The efficacy of parecoxib on pain management for laparoscopic cholecystectomy remains controversial. We conducted a systematic review and meta-analysis to explore the impact of parecoxib on pain management after laparoscopic cholecystectomy.
Materials and Methods:
We searched PubMed, EMbase, Web of science, EBSCO, and Cochrane library database results through September 2018 for randomized controlled trials to assess the effect of IV parecoxib versus placebo or noting on pain management after laparoscopic cholecystectomy. This meta-analysis was performed using the random-effect model.

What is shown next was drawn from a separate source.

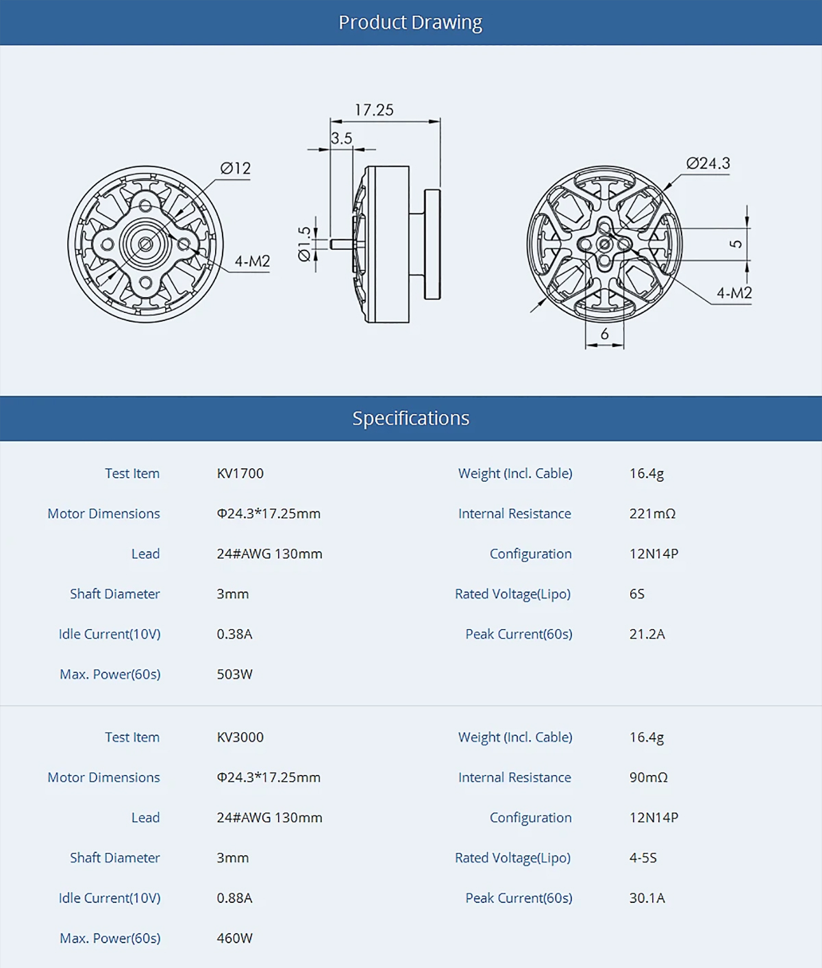 Motor Dimensions: Φ24.3*17.25mm

Seven randomized controlled trials were included in the meta-analysis. Overall, compared with control group for laparoscopic cholecystectomy, intravenous parecoxib showed no notable impact on pain scores within 2 hours [mean difference (MD), −0.22; 95% confidence interval (CI), −0.82 to 0.38; P=0.48] and 4 hours (MD, −0.33; 95% CI, −1.04 to 0.38; P=0.36), but showed results of significant decrease in pain scores at 6 hours (MD, −0.82; 95% CI, −1.45 to −0.20; P=0.01), 12 hours (MD, −0.69; 95% CI, −1.23 to −0.15; P=0.01), 24 hours (MD, −0.49; 95% CI, −0.89 to −0.10; P=0.01), and postoperative analgesics need (risk ratio, 0.45; 95% CI, 0.30-0.65; P<0.0001). In addition, no increase in nausea and vomiting is observed after parecoxib use compared with control intervention (risk ratio, 0.89; 95% CI, 0.44-0.76; P=0.76).
Parecoxib can substantially promote postoperative pain relief in patients with laparoscopic cholecystectomy.